A curve of radius 139 m is banked at an angle of 11°. An 866-kg car negotiates the curve at 89 km/h without skidding. Neglect the effects of air drag and rolling friction. Find the following.
(a) the normal force exerted by the pavement on the tires

Homework Equations

there is no set equation for Normal force

The Attempt at a Solution

I would assume that the normal force would be mgcos(theta) after making a free body diargram because mg is straig down, and the normal is pointed perpindicular to the 11 degree road, so to find fn I would say cos(theta)= fn/mg, and then mgcos(theta)is equalto fn, but the answer is (mg)/cos(theta). This equation would suggest that the normal force is greater than the weight force which makes no sense no me.

Why is mg/cos(theta) correct?

 

[rl.bhat]

Normal force fn is perpendicular to the banked pavement. Its vertical component balances the weight of the car and horizontal component provides the required centripetal force to keep the car on the track.

 

[EV33]

Why is this situation anydifferent from this one?

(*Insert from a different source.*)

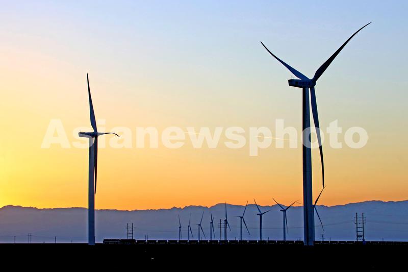 图片说明:2021年11月30日,在新疆哈密市伊吾县拍摄的大唐淖毛湖风电场。

http://www.physicsclassroom.com/Class/vectors/U3l3e.cfm

These are so similar in set up I don't see how they would have different equations.

 

[rl.bhat]

In the frictionless inclined plane, body slides downward due to the component mg along the inclined plane. i.e. mg*sinθ. And the normal farce is mg*cosθ.
But on the frictionless banked road, the car is not sliding along the slope but moving in a curves path. So the mg*cosθ is not helpful here. The centripetal force is provided by the component of the normal reaction. Other component of normal reaction is balanced by the weight of the car.